WHAT THIS TASK INVOLVES: When you reach the line with "La pregunta de" in the records below, begin transcribing exactly and continue up to and including the line with "2. 捕鱼时尽量瞄准鱼群密集", leaving out every picture.

INFORMATION GIVEN:
[Start of section]

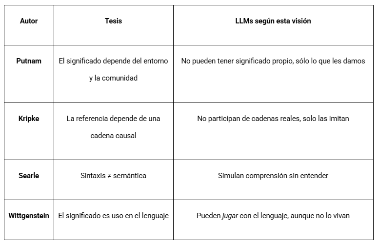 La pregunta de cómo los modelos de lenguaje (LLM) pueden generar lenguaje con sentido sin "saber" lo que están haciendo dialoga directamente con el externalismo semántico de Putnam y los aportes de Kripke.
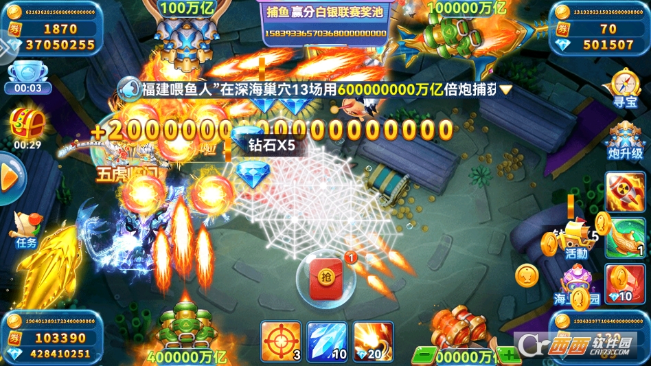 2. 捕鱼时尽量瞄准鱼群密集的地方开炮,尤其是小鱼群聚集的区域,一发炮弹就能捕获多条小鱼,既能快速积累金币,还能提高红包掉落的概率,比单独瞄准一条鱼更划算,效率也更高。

[End of section]
[Start of section]

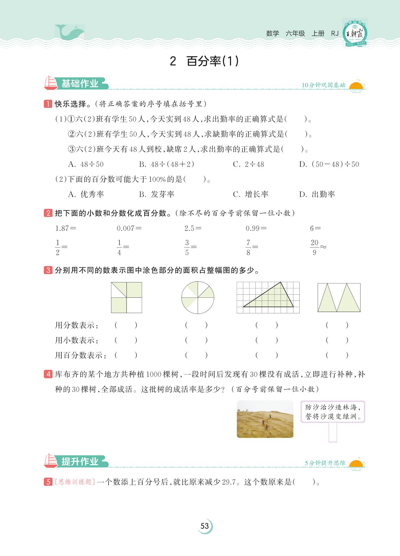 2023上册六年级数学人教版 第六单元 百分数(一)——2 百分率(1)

[End of section]

ANSWER BELOW:
 La pregunta de cómo los modelos de lenguaje (LLM) pueden generar lenguaje con sentido sin "saber" lo que están haciendo dialoga directamente con el externalismo semántico de Putnam y los aportes de Kripke.
 2. 捕鱼时尽量瞄准鱼群密集的地方开炮,尤其是小鱼群聚集的区域,一发炮弹就能捕获多条小鱼,既能快速积累金币,还能提高红包掉落的概率,比单独瞄准一条鱼更划算,效率也更高。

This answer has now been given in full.